**Exercise requirements:**
The needed output is the run of lines below from the one containing "As soon as - _______" through the one containing "2026年湘阴县临港产业开发事务中心公开选调工作人员笔试成绩公布", copied exactly and free of pictures.
BEGIN
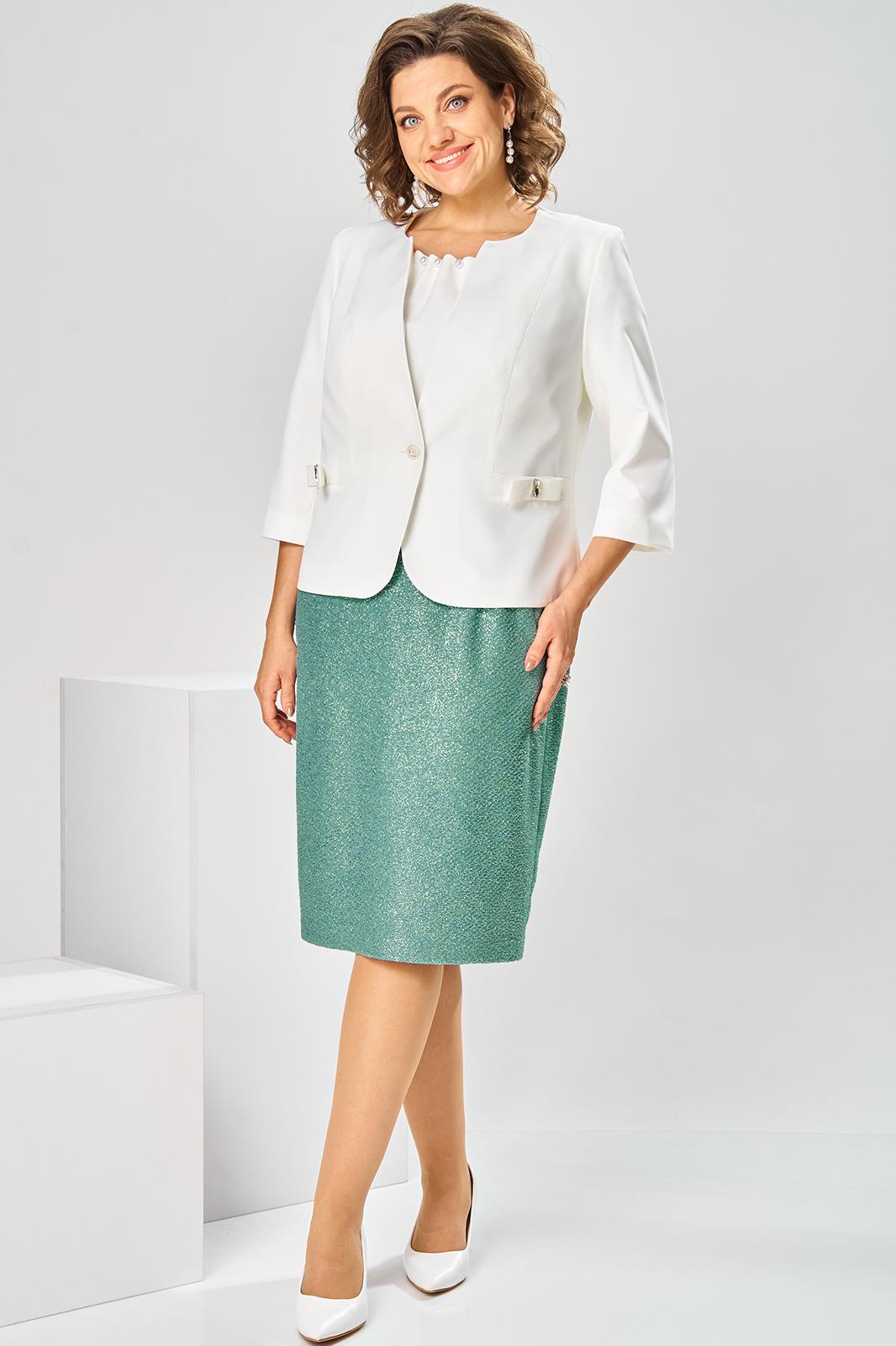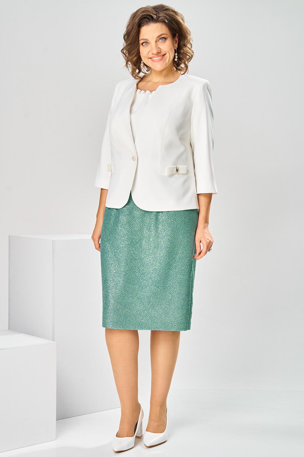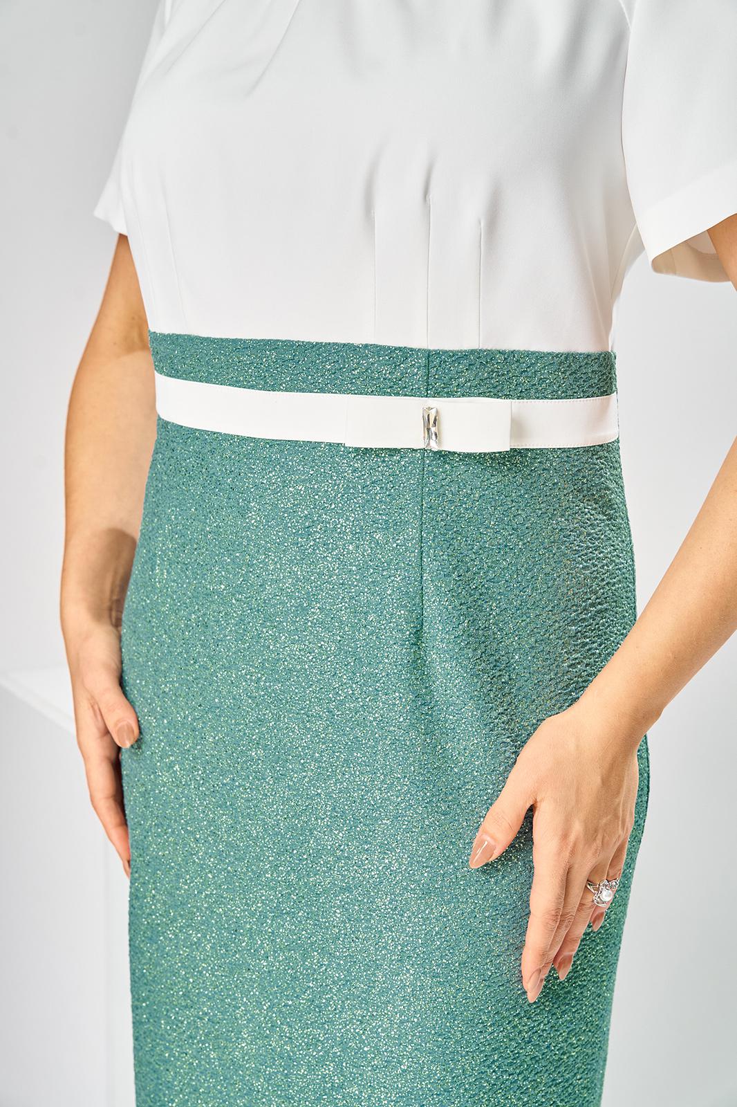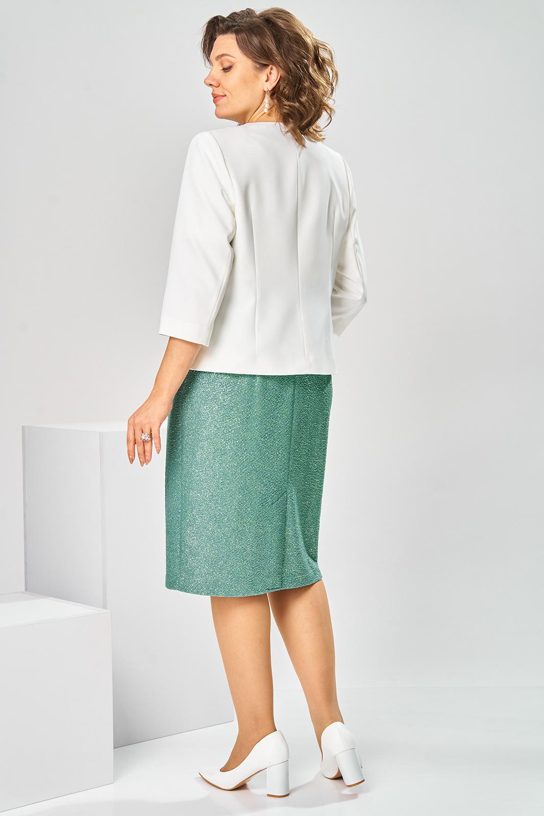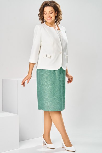 Костюм женский относится к нарядной торжественной одежде. Костюм женский, 2-х предметный жакет и платье. Жакет полу прилегающего силуэта, длиной до линии бёдер. Перед с 2-мя рельефами, выходящими из плечевых швов и до горизонтального надреза, шов притачивания рельефа, декорирован листочкой с бантом, закреплённым пришивной стразой. Спинка со средним швом и 2-мя таллиевыми вытачками. Горловина с фигурным вырезом, низ жакета с закруглёнными концами. Горловина обточная, без воротника. Застёжка центральная бортовая на 1-ну обмётанную петлю и 1-ну пришивную пуговицу. Рукав втачной , 2-х шовный, длиной 3/4. Жакет на притачной подкладке. Жакет с плечевыми накладками. Платье женское полу прилегающего силуэта, длиной за колено, обрезное выше линии талии. Верхняя часть переда с 2-мя отрезными кокетками, с 6-ю таллиевыми вытачками, нижняя часть переда из отделочной ткани, с 2-мя таллиевыми вытачками с надстрочным поясом, декорированным пришивным бантом со стразой. Спинка со средним швом, заканчивающимся шлицей и 2-мя таллиевыми вытачками. Нижняя часть спинки из отделочной ткани. Горловина круглая, обточная без воротника, перед декорирован 8-ю пришивными бусинами, формирующими воздушные складки. Застёжка на потайную тесьму молнию в среднем шве спинки. Рукав втачной, короткий, одно шовный. Платье на подкладке. Платье без плечевых накладок.
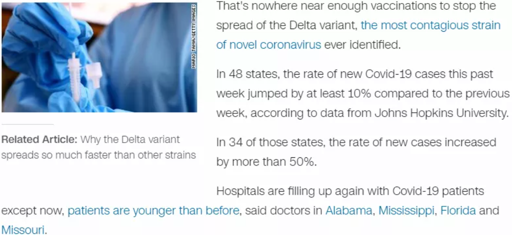 根据美国约翰斯·霍普金斯大学数据,截至美东时间29日17时21分,美国新冠肺炎确诊病例已超过3472万,累计病亡超61万人。据美国有线电视新闻网27日报道,近期美国多州疫情反弹严重,感染病例和住院病例增幅几乎都在上升,病例还呈现出年轻化趋势。
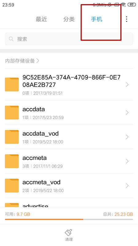 3、在文件管理界面,选择【手机】选项,点击打开。
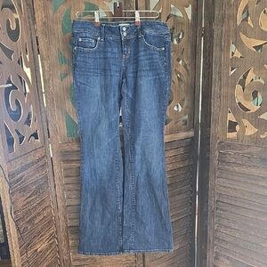 Stylish boot cut jeans. Dark blue hue. Comfortable fit. Perfect for casual wear.
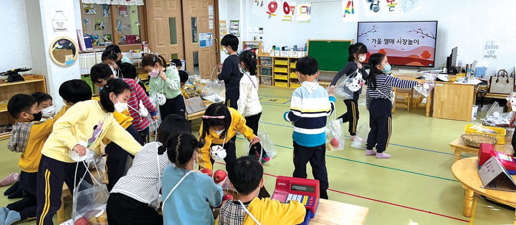 상원유치원(원장 이정화)은 열매반 각반 교실에서 가을을 맞이해 시장놀이를 계획했다. 아이들은 숲체험과 현장체험학습을 통해 가을열매에 대해 관심을 가졌고, 가을열매로 가을을 맘껏 즐기며 시장놀이로 이어졌다. 시장놀이를 통해 얻은 수익은 11월 3일 초록 우산 어린이 재단에 기부를 했다.
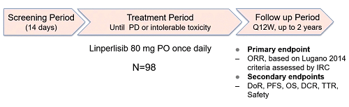 主要終(zhong)點為(wei)(wei)客觀緩(huan)解率(lv)ORR(獨立審查委員(yuan)會根據Lugano2014標準評估(gu)),次要終(zhong)點為(wei)(wei)緩(huan)解持(chi)續時間(DoR),無進展(zhan)生(sheng)存(cun)期(PFS),總生(sheng)存(cun)期(OS),疾病(bing)控制(zhi)率(lv)(DCR),至緩(huan)解時間(TTR)及安全性。
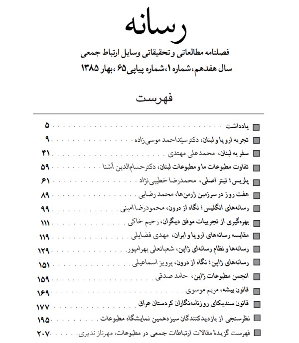 فصلنامه رسانه، سفرهای مطبوعاتی شماره ۶۵، مقاله تجربه اروپا و لبنان ،دکتر سید احمد موسی زاده
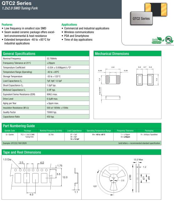 康泰克晶振,QTC2晶振,QTC232.76812B2R晶振,32.768K時鐘晶體具有小型,薄型,輕型的貼片晶振表面音叉型晶體振蕩器,產品具有優良的耐熱性,耐環境特性,可發揮晶振優良的電氣特性,符合RoHS規定,滿足無鉛焊接的高溫回流溫度曲線要求,金屬外殼的封裝使得產品在封裝時能發揮比陶瓷振蕩器外殼更好的耐沖擊性.
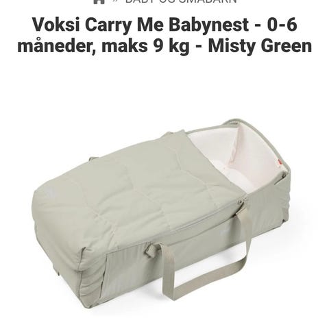 Veldig pent brukt Voksi Carry me bærebag i fargen Meadow green. Ingen bruksmerker. Brukt i ca 4mnd. Sleep carrier.
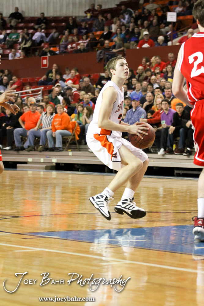 Matthew Barlow (#3) of the Abilene Cowboys jumps towards the lane against the Fort Scott Tigers in the 2012 Class 4A Boys State Championship Quarterfinals Game at Salina Bicentennial Center in Salina, Kansas on March 8, 2012. Photo: Joey Bahr
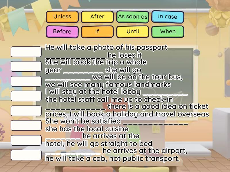 As soon as - _______ he arrives at the hotel, he will go straight to bed, When - _________ we will be on the tour bus, we will see many famous landmarks, Before - She will book the trip a whole year ________ she will go, In case - He will take a photo of his passport ____________ he loses it, Until - I will stay at the hotel lobby _________ the hotel staff call me up to check-in, After - ___________ he arrives at the airport, he will take a cab, not public transport., Unless - She won't be satisfied _____________ she has the local cuisine, If - ____________ there is a good idea on ticket prices, I will book a holiday and travel overseas,
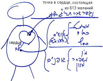 Итак, есть сердце и есть точка в сердце, так мы это называем – названия совершенно условны. Все человеческие желания – это сердце, а точка в сердце, это желание, находящееся над ним и направленное к Творцу. Это точка, состоящая из 613 желаний.
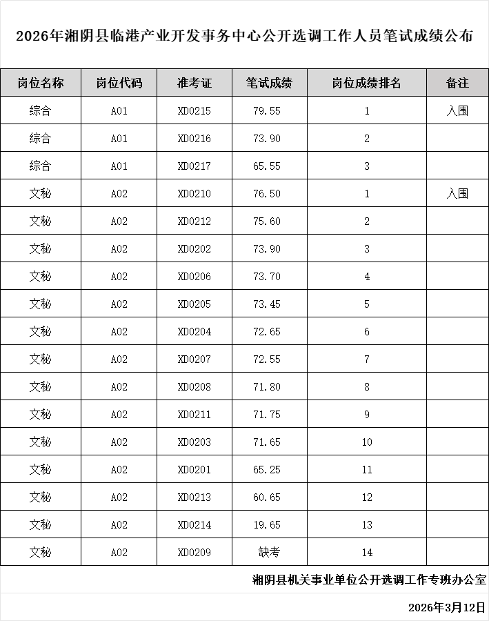 2026年湘阴县临港产业开发事务中心公开选调工作人员笔试成绩公布
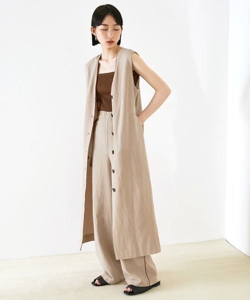 - EMMA エマ 2021 SUMMER COLLECTION - 1着でコーデの幅が広がる前後2WAY 細部にまでこだわったノースリーブワンピース 【ファブリック】 さらっとした質感に加え、通気性が良く吸湿・吸水性に優れており軽やかな着心地。 リネン混の素材は着るほどに肌に馴染み、ナチュラルな風合いが増していくのも魅力です。 【ディテール】 カラーにこだわったパイピングは華やかな印象をプラスする、スタイリングに加えるだけでこなれた雰囲気。 前後2WAYで着用していただけることによりコーデの幅広がり ワンピースとしてだけでなく、ボタンを開けて羽織のアイテムとしてお使いいただけます。 マーブル柄のボタンはトレンド感を演出し、オシャレ度を高めてくれます。 【シルエット】 ストンと縦に落ちるIラインシルエットとロング丈はスッキリと着こなせます。 お手持ちのベルトでウエストマークをしてシルエットに女性らしいラインが生まれトレンドライクな着こなし方がおすすめです。 <セットアップで着用可能なパンツ> 商品名:【EMMA】リネン混パイピングイージーパンツ 商品コード:56638237 ブランド品番:EMpt582 【EMMA|エマ】- EMMA CLOTHES レディースライン - 都会的で洗練されたウェアを基調とし、伝統的なデザインや魅力的な着こなしの提案など、現代に合った理想のバランスを追求するコンテンポラリーブランド。 これからの新たなヴィジョンとして、「今」に落とし込んだ形を作り出し、進化と発展をしていきます。
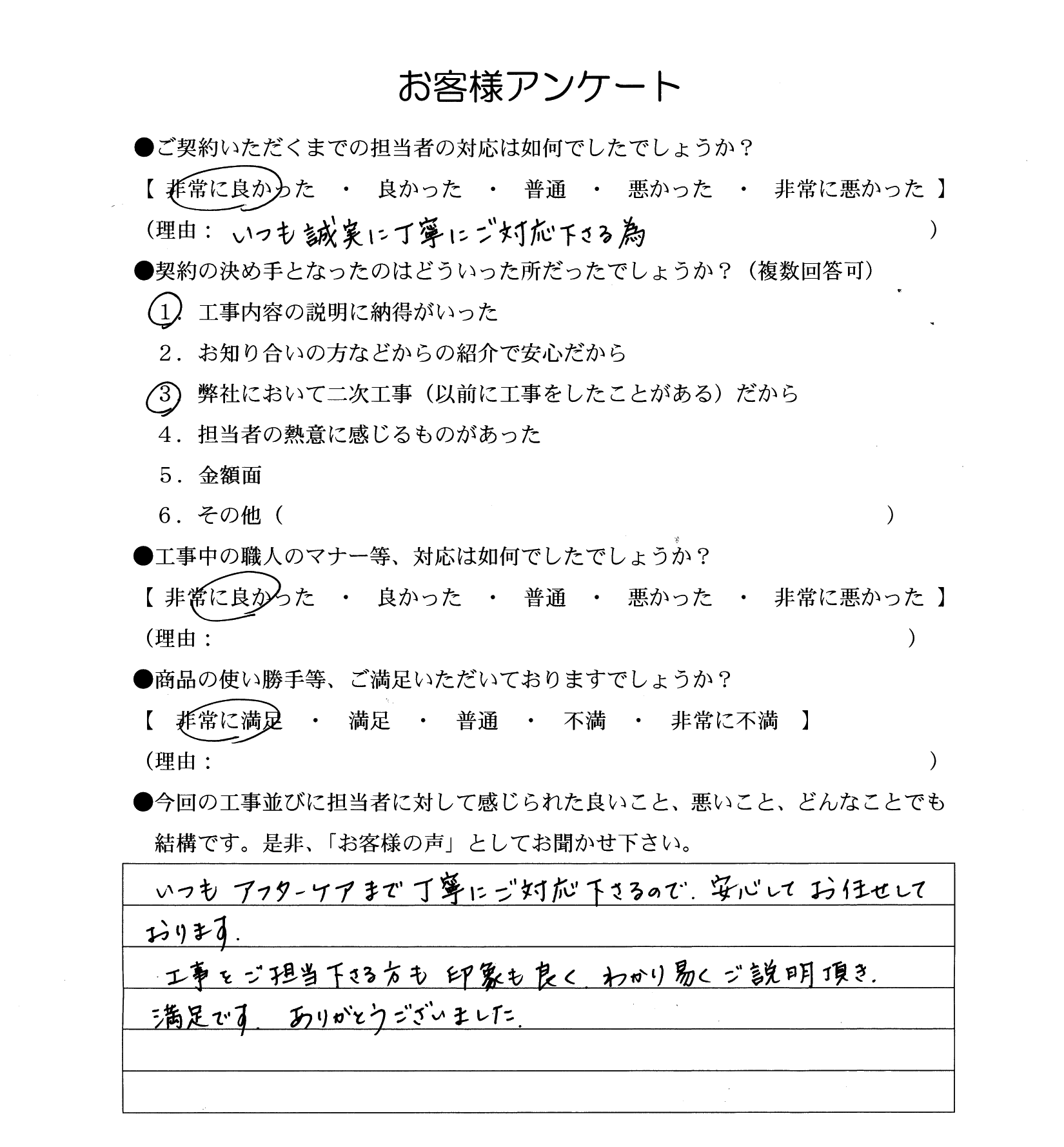 工事をご担当下さる方も印象も良く、わかり易くご説明頂き満足です。ありがとうございました。
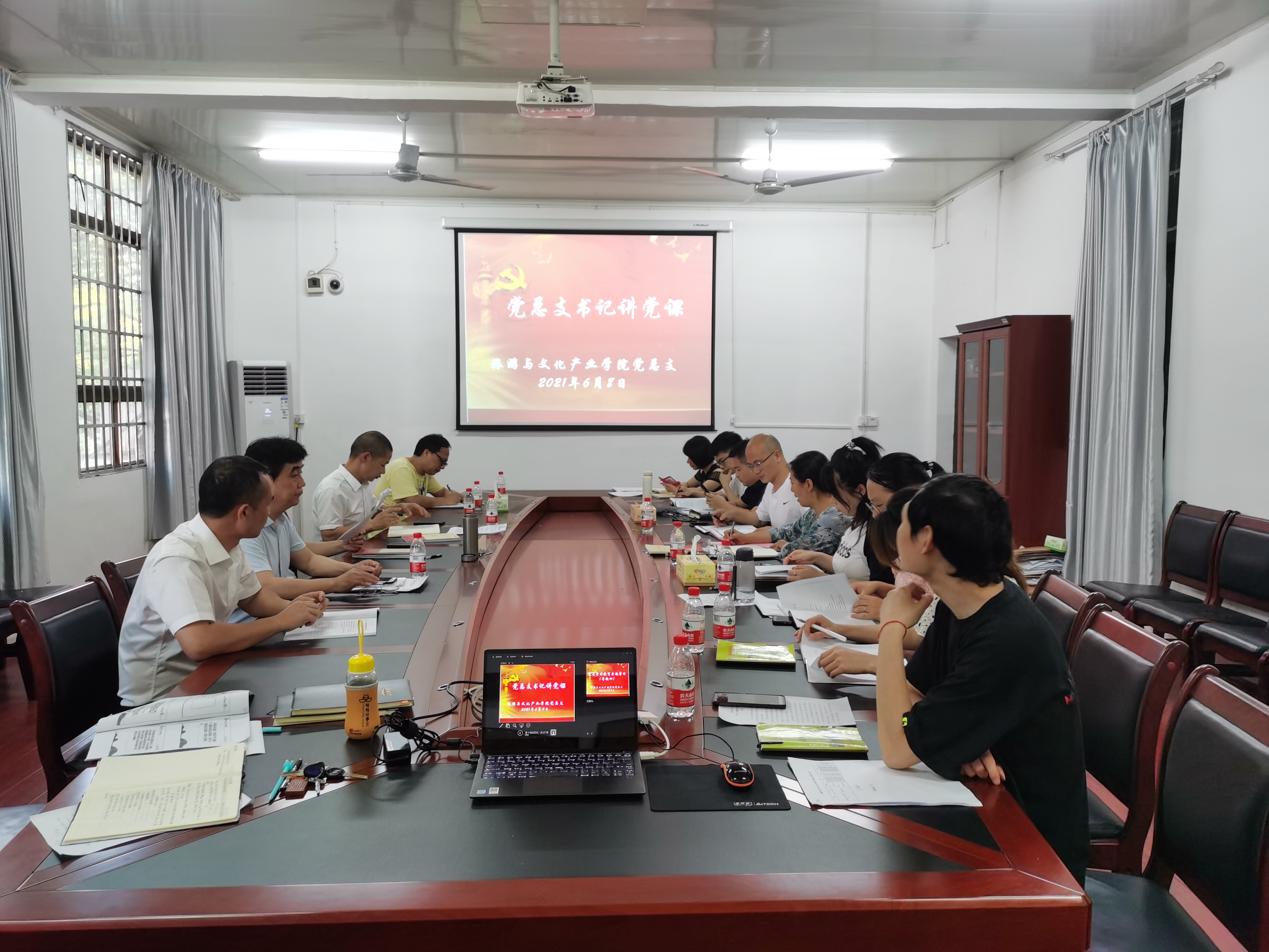 本网讯 6月8日下午,为深入学习党的精神锻造史,教育广大党员从百年党史中感悟党的向心力、凝聚力和动员力,我院党总支书记杨再喜在荟英楼306上“学史历行”专题党课,学院全体教师党员参加。
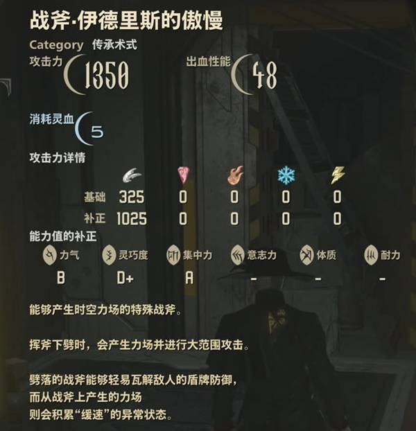 前期没得选,“战斧·伊德里斯的傲慢”是最适配的选择,效果是召唤一个斧头砸到地面形成一个范围立场,在立场范围内的敌人受到伤害且叠加“缓速”效果。
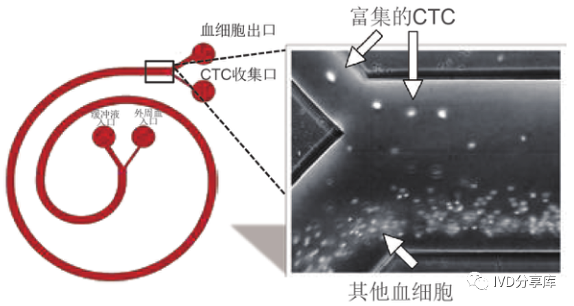 从图中可以看出,迪恩流分选芯片有两个入口(一个进缓冲液;另一个进处理后的外周血);两个出口(一个出循环肿瘤细胞;另一个出血细胞)。
END
**Solution for this exercise:**
 As soon as - _______ he arrives at the hotel, he will go straight to bed, When - _________ we will be on the tour bus, we will see many famous landmarks, Before - She will book the trip a whole year ________ she will go, In case - He will take a photo of his passport ____________ he loses it, Until - I will stay at the hotel lobby _________ the hotel staff call me up to check-in, After - ___________ he arrives at the airport, he will take a cab, not public transport., Unless - She won't be satisfied _____________ she has the local cuisine, If - ____________ there is a good idea on ticket prices, I will book a holiday and travel overseas,
 Итак, есть сердце и есть точка в сердце, так мы это называем – названия совершенно условны. Все человеческие желания – это сердце, а точка в сердце, это желание, находящееся над ним и направленное к Творцу. Это точка, состоящая из 613 желаний.
 2026年湘阴县临港产业开发事务中心公开选调工作人员笔试成绩公布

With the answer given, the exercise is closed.